Stumbled upon this when looking at some downstream test diffs after #175199

With the vector select in the input (not running instcombine after sroa) we now get a freeze in the selection DAG when simplifying the select. And then we ended up with worse code compared to when using shufflevector. This fixes the problem at the root (not picking the vector select in the first place).

mtrofin

lgtm.

mtrofin · 2026-01-13T16:08:56Z

-  Mask.reserve(cast<FixedVectorType>(VecTy)->getNumElements());
-  for (unsigned i = 0; i != cast<FixedVectorType>(VecTy)->getNumElements(); ++i)
+  Mask.reserve(NumElements);
+  for (unsigned i = 0; i != NumElements; ++i)

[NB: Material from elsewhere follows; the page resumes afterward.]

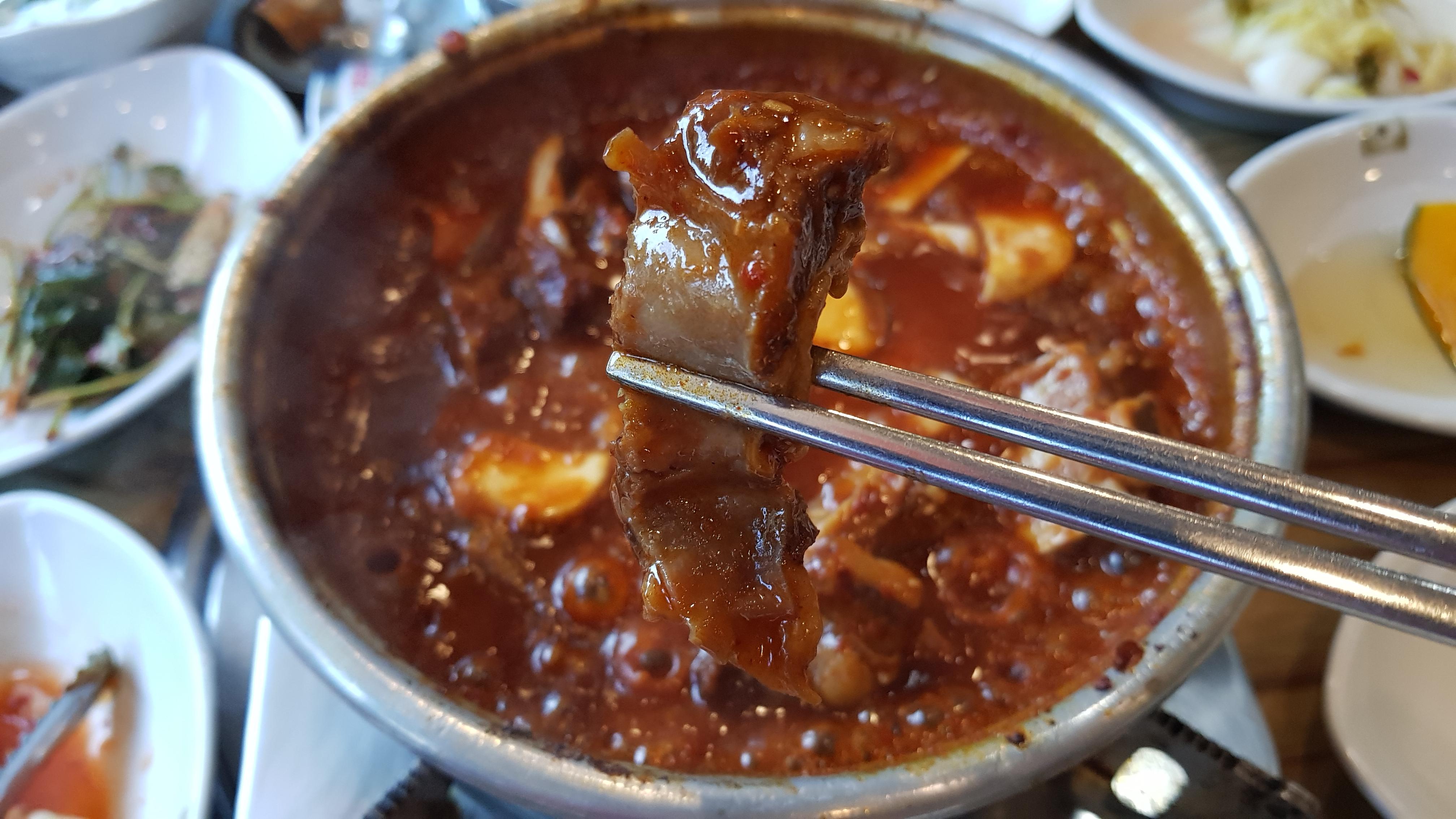 갈비가 푹 익혀져서 살이 쏙쏙 잘 발라진다. 사진상 양념이 많이 매워보이지만 중간맛으로 주문을 했으며 먹기에 딱 좋은 정도였다.

nit: might as well fix the casing on i, it can be Idx if I is taken.

nikic

LGTM

llvmbot · 2026-01-13T17:30:19Z

@llvm/pr-subscribers-llvm-transforms

Author: Björn Pettersson (bjope)

Changes

A patch from May 2013, commit 1e21191, changed SROA into using a select instruction to perform vector blend. Idea was that using a select was the canonical form, and that we optimize select better than shufflevector.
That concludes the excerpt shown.